───── Data extract

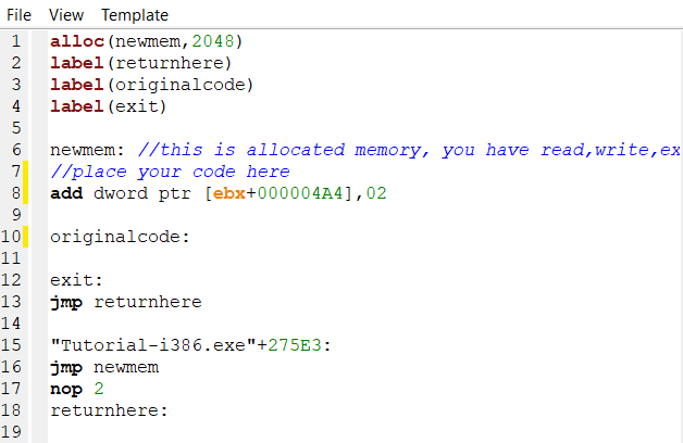 Bu nedenle, yeni assembly kodunuzu “newmem” bölümüne ekleyin ve orijinal kodu “originalcode” bölümünden kaldırın, eğer çalıştırılmasını istemiyorsanız. Bu örnekte, enjekte edilen kod 1 çıkarmak yerine 2 puan ekleyecektir:
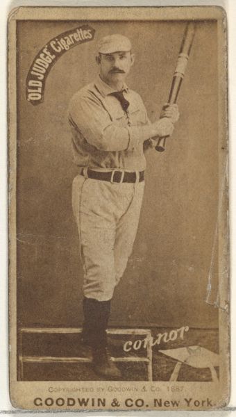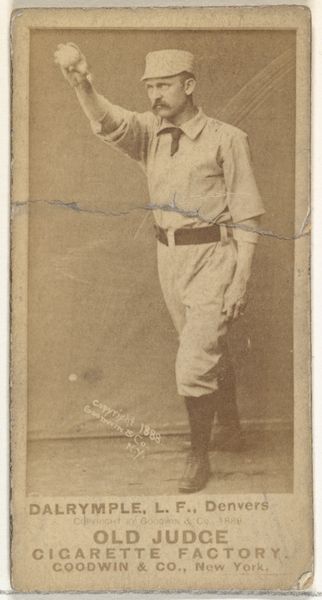Curator: Goodwin & Company's "Edward M. Daily, Pitcher, Washington Nationals," from 1887, offers a glimpse into early baseball portraiture. This albumen print, originally a promotional card for Old Judge Cigarettes, captures Daily in a poised, though somewhat enigmatic, pose. Editor: There's something very appealing about its tonal uniformity. The sepia wash feels almost timeless, lending a soft focus even to the figure's face. It evokes a sense of quiet contemplation more than athletic prowess. Curator: Precisely. The print's function speaks volumes about the burgeoning commercialization of sports. Here we see photography intersecting with mass advertising, a symbiotic relationship that shaped the modern celebrity athlete. Goodwin & Company cleverly capitalized on baseball's popularity. Editor: I agree. Visually, it’s interesting how Daily's pose defies expectation. He isn't in mid-pitch; instead, his hands are clasped near his face in a rather introverted gesture. This breaks the typical heroic mold seen in sporting depictions, doesn't it? It creates a sense of the man beyond the player. Curator: Absolutely. His gesture introduces an element of vulnerability or even anxiety. It moves beyond the superficial image of sporting confidence. Furthermore, consider how the cigarette company uses his image to enhance their own product’s appeal within a growing market. Editor: Indeed, a kind of calculated intimacy. The Old Judge brand name stamped so clearly links the athletic image with consumption, reflecting cultural values where virility is carefully packaged. But let's also consider that uniform, that thin pinstripe almost bleeding into the photograph, that tiny striped cap atop his head—it feels fragile. Curator: It points to the evolution of sports and their iconic imagery within an evolving social context. Examining such an artifact sheds light on not just Daily, but the wider landscape of America's pastime. Editor: Looking at the artwork today, I find the simple composition, bathed in that nostalgic tone, offers a compelling contrast to today's slick and stylized marketing. Curator: The convergence of visual and cultural data points that enrich this otherwise unassuming photographic print.
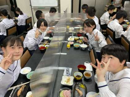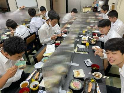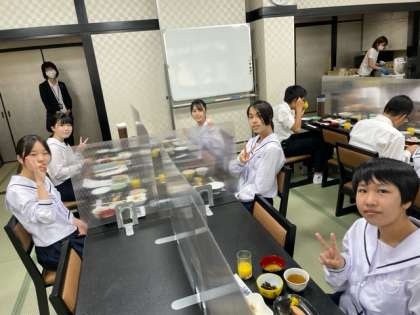 眠気もありそうですが、みんなで元気に朝食です。今日はこの後、クラスごとに京都方面の見学に向かいます。

──────────

The job is to set down the whole listing exactly, excluding any images.

Solved problem:
 Bu nedenle, yeni assembly kodunuzu “newmem” bölümüne ekleyin ve orijinal kodu “originalcode” bölümünden kaldırın, eğer çalıştırılmasını istemiyorsanız. Bu örnekte, enjekte edilen kod 1 çıkarmak yerine 2 puan ekleyecektir:
Curator: Goodwin & Company's "Edward M. Daily, Pitcher, Washington Nationals," from 1887, offers a glimpse into early baseball portraiture. This albumen print, originally a promotional card for Old Judge Cigarettes, captures Daily in a poised, though somewhat enigmatic, pose. Editor: There's something very appealing about its tonal uniformity. The sepia wash feels almost timeless, lending a soft focus even to the figure's face. It evokes a sense of quiet contemplation more than athletic prowess. Curator: Precisely. The print's function speaks volumes about the burgeoning commercialization of sports. Here we see photography intersecting with mass advertising, a symbiotic relationship that shaped the modern celebrity athlete. Goodwin & Company cleverly capitalized on baseball's popularity. Editor: I agree. Visually, it’s interesting how Daily's pose defies expectation. He isn't in mid-pitch; instead, his hands are clasped near his face in a rather introverted gesture. This breaks the typical heroic mold seen in sporting depictions, doesn't it? It creates a sense of the man beyond the player. Curator: Absolutely. His gesture introduces an element of vulnerability or even anxiety. It moves beyond the superficial image of sporting confidence. Furthermore, consider how the cigarette company uses his image to enhance their own product’s appeal within a growing market. Editor: Indeed, a kind of calculated intimacy. The Old Judge brand name stamped so clearly links the athletic image with consumption, reflecting cultural values where virility is carefully packaged. But let's also consider that uniform, that thin pinstripe almost bleeding into the photograph, that tiny striped cap atop his head—it feels fragile. Curator: It points to the evolution of sports and their iconic imagery within an evolving social context. Examining such an artifact sheds light on not just Daily, but the wider landscape of America's pastime. Editor: Looking at the artwork today, I find the simple composition, bathed in that nostalgic tone, offers a compelling contrast to today's slick and stylized marketing. Curator: The convergence of visual and cultural data points that enrich this otherwise unassuming photographic print.
 眠気もありそうですが、みんなで元気に朝食です。今日はこの後、クラスごとに京都方面の見学に向かいます。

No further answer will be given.